The Portrait of Princess Saint Joanna (Retrato da Princesa Santa Joana) is an oil on oakwood painting attributed to Portuguese Renaissance artist Nuno Gonçalves, from c. 1472–1475. It is held in the Museu de Aveiro. It is believed to have been painted during the time when Joanna, Princess of Portugal was regent for her father, Afonso V of Portugal.

==History and description==
Princess Joanna was the first child of King Afonso V, but lost the right to succession to the throne when her younger brother, the future John II of Portugal was born, in 1455. After rejecting several marriage proposals, she entered the Convent of Jesus of Aveiro of the Dominican order for women in Aveiro, in 1475, where she lived until her death, following in all things the rule of life of the nuns, but without ever taking nun's vows because she was a royal princess and potential heir to the throne.

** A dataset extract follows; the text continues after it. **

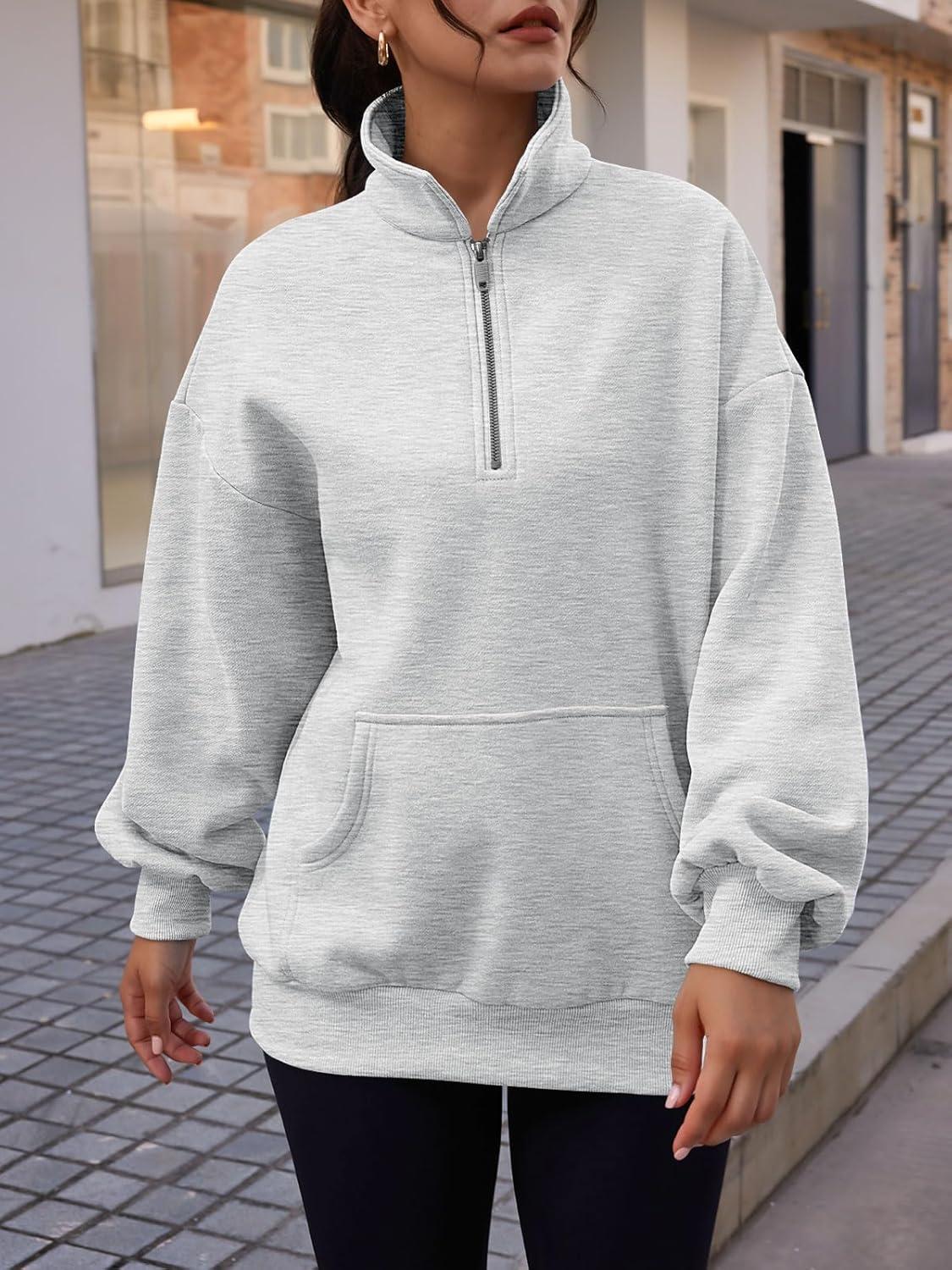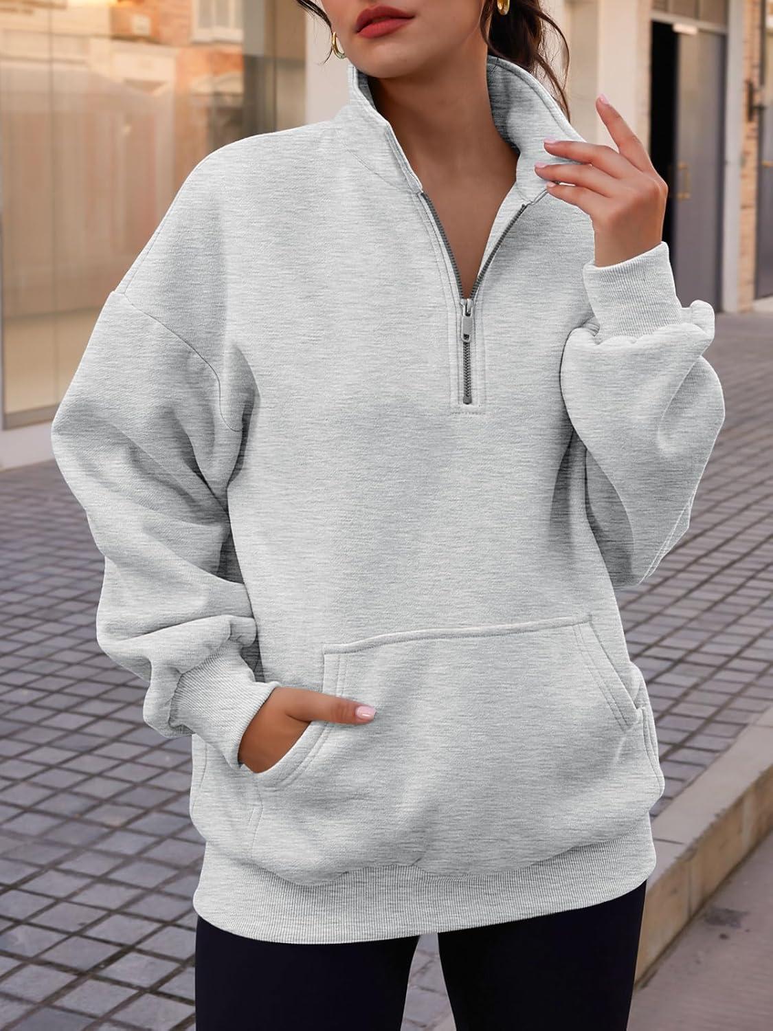 Trendy Queen Womens Zip Up Hoodies Oversized Sweatshirts Preppy Clothes Fall Teen Girls Outfits Fashion Crewneck Pullover(Grey)

The work depicts the bust of Princess Saint Joanna, facing forward, dressed in court attire. Her long, light-colored hair is held in place by a gold coif, studded with precious stones and pearls. She wears a boat-neck dress with a lace neckline, her right hand resting on her lap, partially covered by a lock of hair, and a ring on her index finger.

The portrait was supposedly brought by Dona Philippa, the daughter of Infante Pedro, Duke of Coimbra, to the Convent of Jesus in Aveiro, where it remains. When religious orders were dissolved and their property was nationalized, in 1834 the work became state property.

According to the art historian Pedro Dias, this portrait is the most beautiful of the early Portuguese painting. A touching work, where the Princess is shown as a young woman in court attire, it certainly came from a court painter, and the aesthetic and technical level of the work, as well as the feeling it reveals, points to the authorship of Nuno Gonçalves.